Optimization of Preparation Methods and Thermal Characterization of Nanofluids Based on Solar Salts for Thermal Energy Storage

Abstract

It is well known that thermal power plants used to generate electricity from heat have an extremely negative impact on the environment. To produce energy, coal, gas, or oil is used, which, after being burned, emit toxic gases. As a result, the accumulation of these greenhouse gases intensifies global warming, contributing to the climate change. For this reason, more and more CSP (Concentrated Solar Power) plants are being developed today to generate energy and serve as a cleaner alternative to replace traditional thermal plants. CSP plants concentrate sunlight to generate heat, which is stored in insulated tanks containing molten salts. The stored heat is later released when electricity needs to be generated. To improve the thermal properties of molten salts, doping with nanoparticles has proven to be the most optimal technique.

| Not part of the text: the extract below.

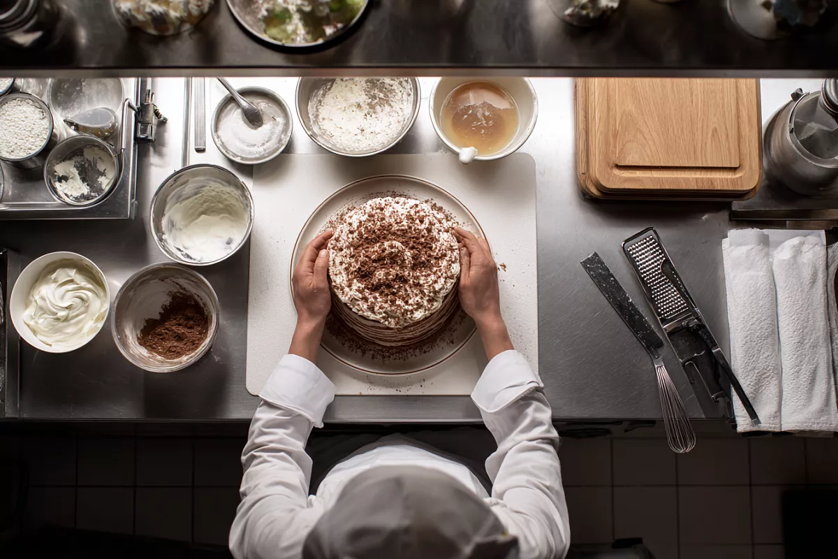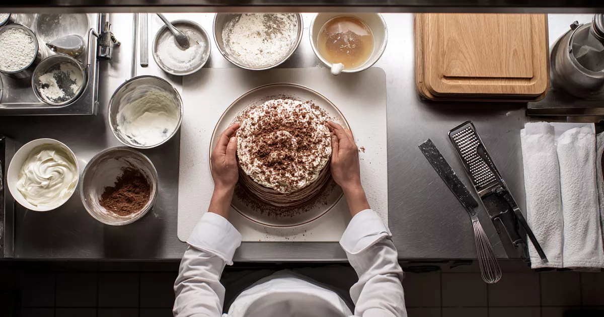 Шоколадные блины, нежный крем из двух ингредиентов и немного терпения — получится десерт с ярким вкусом и аккуратным разрезом.

Several studies have shown that nanofluids containing 1% by weight of nanoparticles significantly increase thermal efficiency and offer major advantages as thermal energy storage (TES) media. However, one of the main disadvantages of nanofluids is the lack of a clear theoretical explanation of their behavior, as existing models do not always fully explain experimental results. For this reason, the aim of this study was to analyze how different parameters, such as the amount of water used to dissolve the salt, sonication time, and water evaporation temperature of the nanofluid affect the thermal properties of a nanofluid composed of NaNO₃ salt and SiO₂ nanoparticles (1% by weight). Two synthesis methods were used: wet and dry. For the wet method, 7 batches were prepared, each containing 9 samples. For the dry method, 4 batches were synthesized, each with 2 samples. Analysis of the results showed that the nanoparticles have a low impact on enthalpy and thermal conductivity but do have a significant influence on increasing the specific heat capacity (cp). The dry method, which involves synthesis through ball milling, stood out as an effective way to create nanofluids with a high specific heat capacity. The main objective of this work was to develop new techniques for the synthesis of nanofluids and to find a way to improve the experimental procedure by optimizing various parameters.